Stored data
━━━━━━━━━━

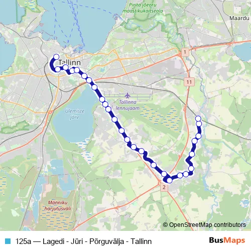 The first stop of the 125a bus route is Balti jaam 1 (train station) and the last stop is Lagedi kauplus. 125a (Lagedi - Jüri - Põrguvälja - Tallinn) is operational during tööpäeviti.
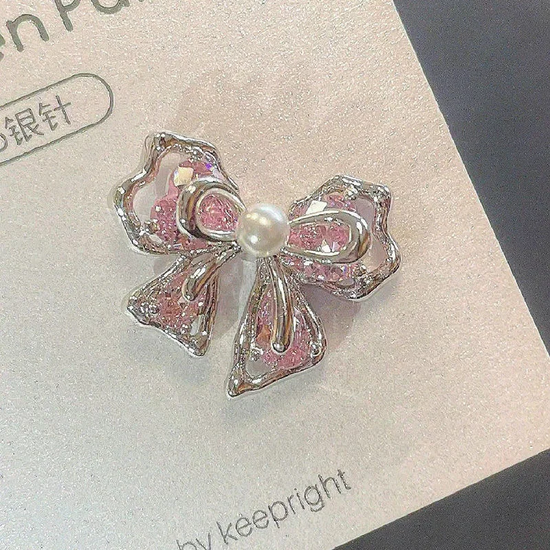 TAVIMART - Fashion Silver Color Ribbon Bow Drop Earrings For Women Girls Korean Style Rhinestone Bow Ear Studs Earrings Wedding Jewelry
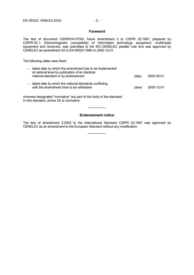This amendment A2 modifies the European Standard EN 55022:1998; it was approved by CENELEC on
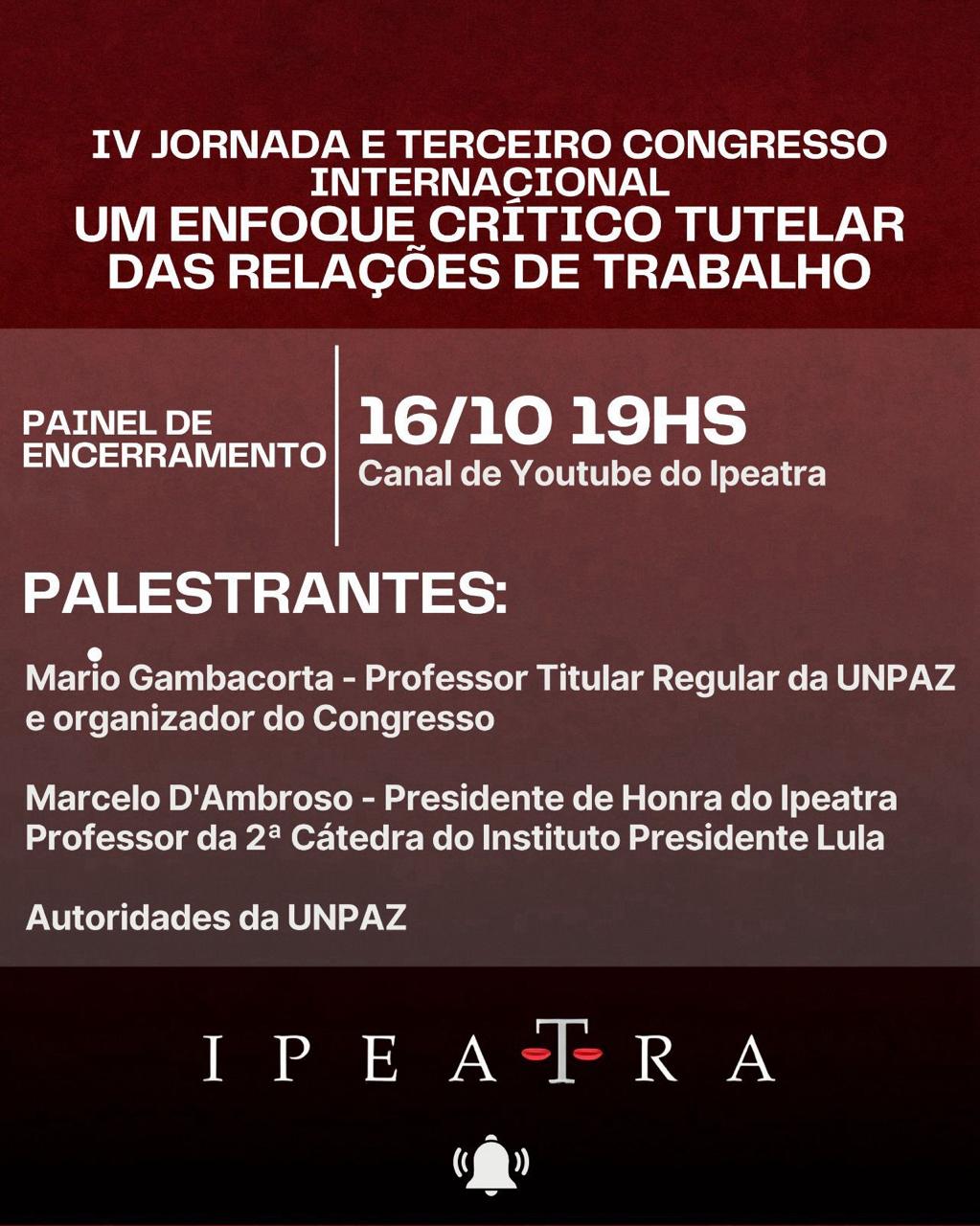 IV JORNADA E TERCEIRO CONGRESSO INTERNACIONAL UM ENFOQUE CRITICO TUTELAR DAS RELAÇÕES DE TRABALHO
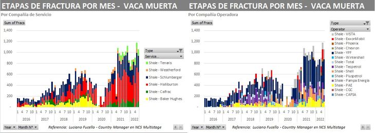 Asimismo, la empresa que más fracturas realizó en junio fue Halliburton con 540 operaciones, de las cuales 539 fueron para YPF y 1 para Shell. Schlumberger quedó en segundo lugar con 296 fracturas. Los guardapolvos azules desarrollaron 182 etapas para Vista y 114 para Total. El tercer lugar fue para Tenaris con 116 fracturas y todas fueron para Tecpetrol, del mismo Grupo Techint.
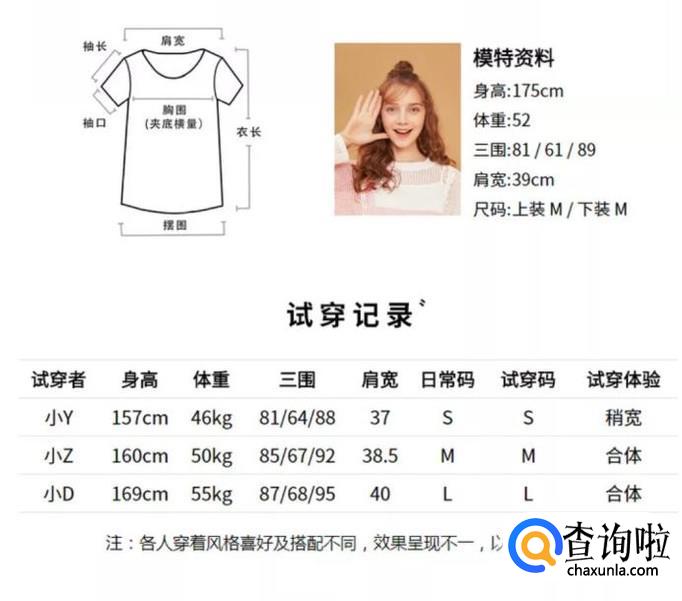 根据自己的身高体重来选择适合自己的尺码,有些店铺的详情页还会给出模特的身高体重,还有试穿记录,让你更好选择,例如如图1所示。
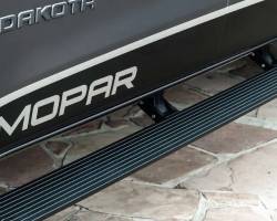 Para quem busca conforto e um visual diferenciado, a Mopar oferece diversas opções de estribos, desde os fixos tubulares ou em plataforma até os sofisticados modelos elétricos, que se recolhem quando as portas são fechadas. Rodas com design exclusivo, para-barros personalizados e soleiras de porta também fazem parte do catálogo, agregando personalidade e proteção à picape.
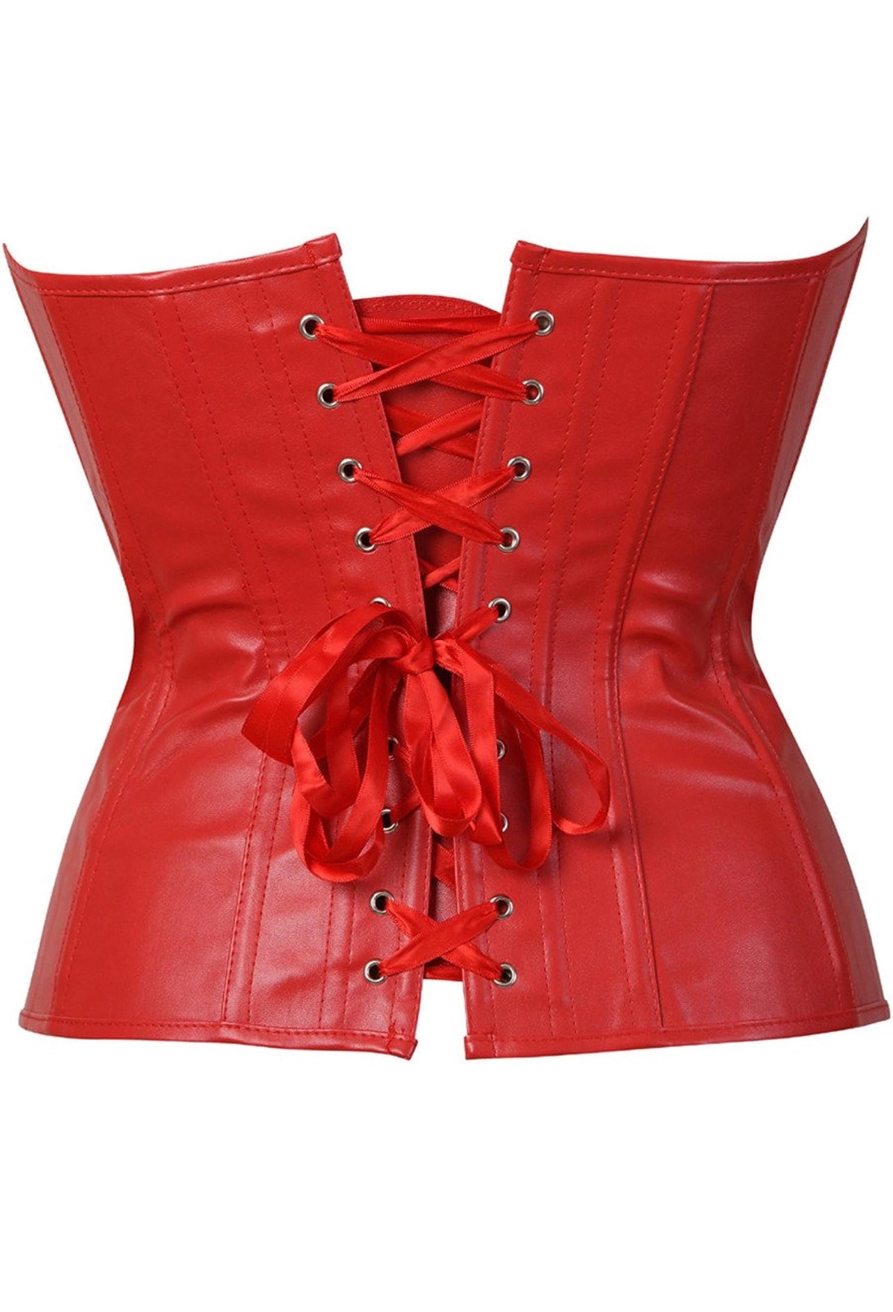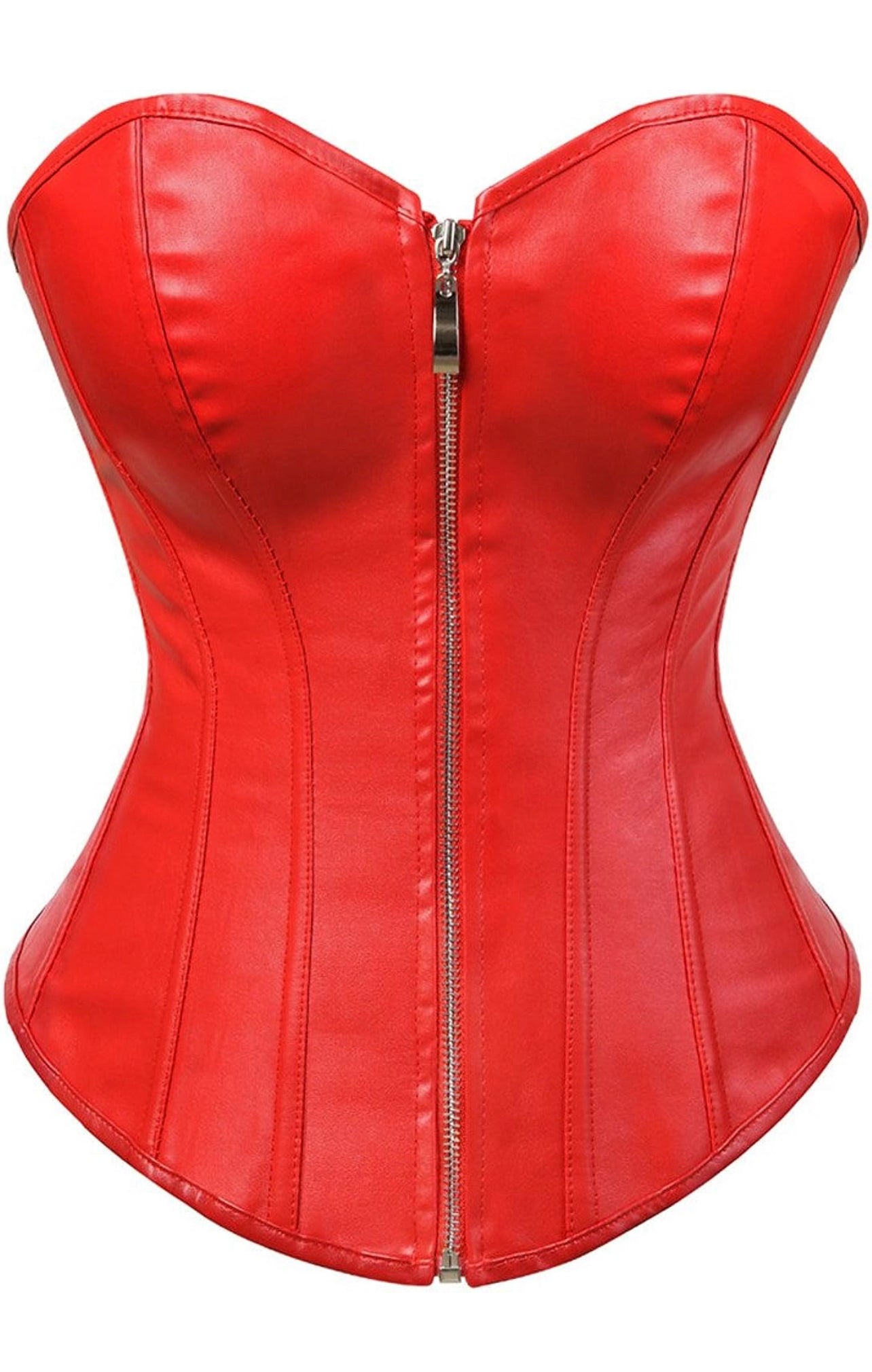 Faux-leather mid-bust corset showcasing a stylish and fashionable look. Secured with a front zipper closure and lace-up back for adjustable fit. The model stands at 5'3" and wore a size Small.
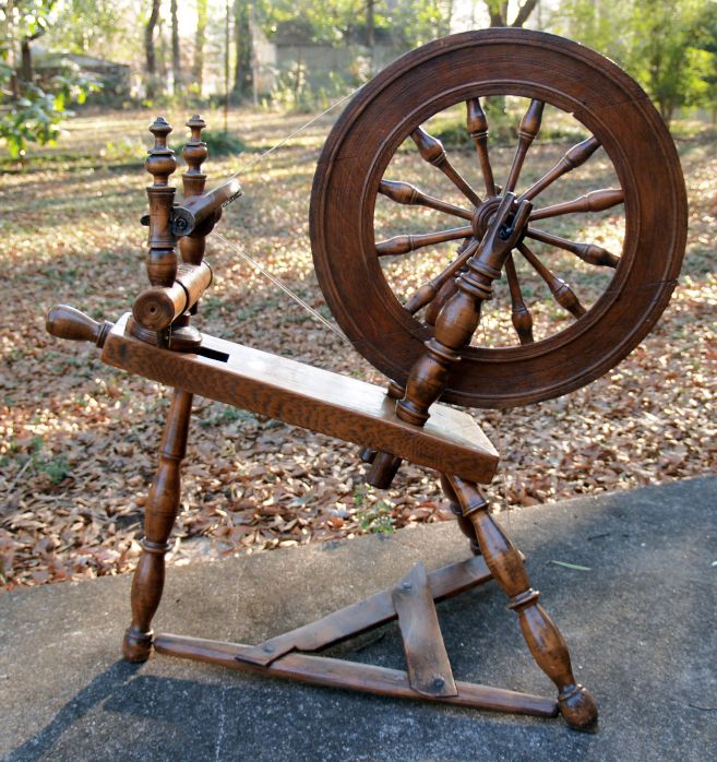This is a flax wheel that belonged to my grandmother. This device is used to form wool or flax into
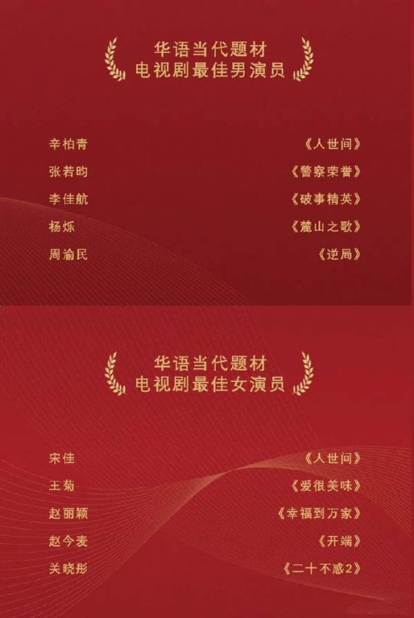 华语百强电视剧最佳男主角,其实就是“视帝”;华语百强电视剧最佳女主角,其实就是“视后”,因为是综合性的,不分题材,相对含金量高一些。雷佳音凭借《人世间》获得了金鹰视帝,殷桃凭借《人世间》获得了金鹰视后,所以他们有可能再次双双获奖。
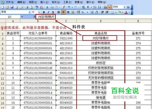 Col_index_num,指要搜索的数据在数据库文件中找到后,引用数据值的所在第几列。 “备案序号”在数据库中,找到对应的“商品序号”后,要将第三列的“商品名称”返回,所以这里我们直接填上例数值即可。 比如,商品序号为"1",数据库中,"1"对应商品名称为“带接头电线”,位于数据库的第3例,这是我们将要返回的数据的所属列数,将”3“填如即可。
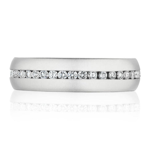 The softly-rounded exterior with a subtle satin finish is bisected with an exceptionally striking band of white, expertly channel-set solitaire diamonds. The inner face of the ring boasts a full sculpted crescent detail with a soft-comfort fit for all-day wearability.

━━━━━━━━━━

Make an exact copy of only those lines that run from the line with "华语百强电视剧最佳男主角,其" through the end of the records, excluding pictures.

 华语百强电视剧最佳男主角,其实就是“视帝”;华语百强电视剧最佳女主角,其实就是“视后”,因为是综合性的,不分题材,相对含金量高一些。雷佳音凭借《人世间》获得了金鹰视帝,殷桃凭借《人世间》获得了金鹰视后,所以他们有可能再次双双获奖。
 Col_index_num,指要搜索的数据在数据库文件中找到后,引用数据值的所在第几列。 “备案序号”在数据库中,找到对应的“商品序号”后,要将第三列的“商品名称”返回,所以这里我们直接填上例数值即可。 比如,商品序号为"1",数据库中,"1"对应商品名称为“带接头电线”,位于数据库的第3例,这是我们将要返回的数据的所属列数,将”3“填如即可。
 The softly-rounded exterior with a subtle satin finish is bisected with an exceptionally striking band of white, expertly channel-set solitaire diamonds. The inner face of the ring boasts a full sculpted crescent detail with a soft-comfort fit for all-day wearability.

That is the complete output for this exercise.